松时生望着前方蜿蜒的街巷,目光落在远处隐约可见的一棵高大桂树的轮廓上,声音清冷:“未必是认识你,或许是你身上有什么东西,让‘祂’有所忌惮。”
池宜点头应下,两人继续缓步前行,挨家挨户轻声打听,借着寻亲的由头,旁敲侧击地询问镇上的怪事、过往的旧事,以及昨夜的异常动静。

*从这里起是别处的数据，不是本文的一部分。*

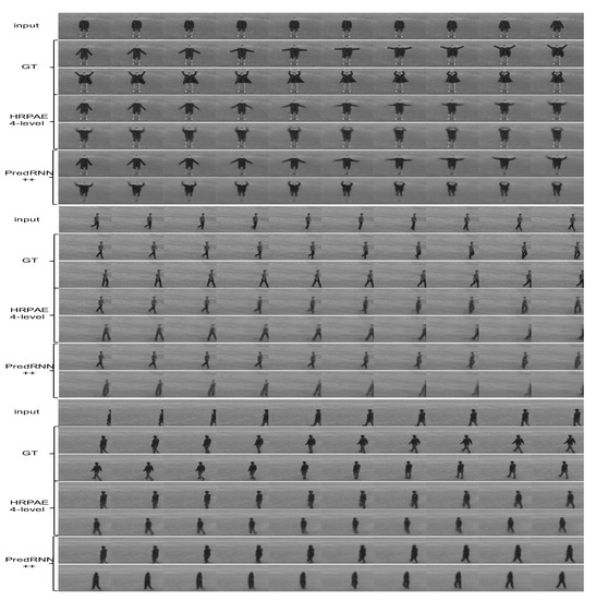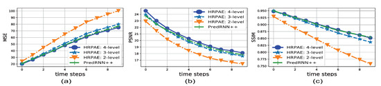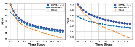 Implementation. Following the settings in [23,40], we generated 10,000 training and 1000 testing sequences with frame size where each sequence has 30 frames. The batch size is set to 8, and the default HRPAE (as shown in Figure 1) is trained for iterations (about 80 epochs) by randomly sampling 20 frames. The rate of Scheduled Sampling is gradually increased to 1 during the first 50,000 iterations. We trained PredRNN++ under the same experimental settings, whereas the first layer of PredRNN++ is expanded to 64 channels; as compared to MMNIST, we doubled the patch size in order to maintain the width and height of input frames, because the frame height and width are 128 pixels.

百姓们大多心怀惶恐,说法虽各有不同,却都指向了镇西头的老桂树,以及每逢秋雨便会出现的诡异之事。
还有人提起,昨夜夜半,曾听见一阵细碎的、像是布料摩擦的脚步声,在街巷里来回游走,却看不见半个人影。
事出反常必有妖。
二人来到镇西头,四下无人,唯有秋雨簌簌。
枝干虬曲苍劲,枝桠歪扭着伸向半空,树皮皲裂如沟壑,缠满枯藤,大半树冠被雨雾笼罩,透着说不出的阴森死寂。
——池宜不由得想起望仙村的枫眠。
池宜脚步顿在树前三步远的地方,垂在身侧的手微微一动,左手缓缓抬起,指尖轻捻诀法,腕间微光一闪,一只精致的青铜探灵罗盘自乾坤袋中缓缓浮出,稳稳落在她掌心。
罗盘指针原本静滞不动,甫一靠近老桂树,便骤然疯狂转动起来,铜针震颤不止,发出细微的嗡鸣,最终死死钉在树干中心的位置,指针泛出淡淡的墨色灵光,分明是探测到了极重的阴邪气息。
她眉峰微蹙,指尖轻轻按住罗盘边缘,稳住不停晃动的盘面,抬眼朝松时生递去一个眼色,示意气息便藏在树干腹地。
松时生会意,右手轻抬,衣袖被风雨拂得猎猎作响,指节暗自凝聚内力,掌心隐隐泛起一层温润的白光。
旋即他足尖轻点地面,身形倏然朝前掠出半丈,借着雨势,右掌携着刚柔并济的力道,径直朝着老桂树树干中心拍去,掌风凌厉,破开漫天雨丝,重重击在皲裂的树皮上。
一声沉闷的震响传开,树干剧烈晃动起来,枯枝败叶伴着雨珠簌簌掉落,树身内部传来一阵细碎的嘶鸣,像是有什么东西被惊扰,正疯狂挣扎。
松时生掌力未收,紧接着反手一拂,又是一道柔劲灌入树干,层层逼压之下,那藏在树心的气息再也无法隐匿,眼看着就要被逼出体外。
“咳咳——咳咳——雨、雨天还不让人睡觉啊!”身着桂黄花衣的黑发老头跌坐在地上,泥土混着雨水把衣裳弄的脏污不堪。
等他把自己身上弄干净,没好气地质问二人:“好好的你们要做什么?”
“你们不是人吧?”老桂树开口便是很不客气。
池宜心道:咋还骂人?
松时生还在琢磨他这话何意味,池宜很快反应过来,拱手作礼道:“我二人出自上清宗道修,途径此地有些要事需办。”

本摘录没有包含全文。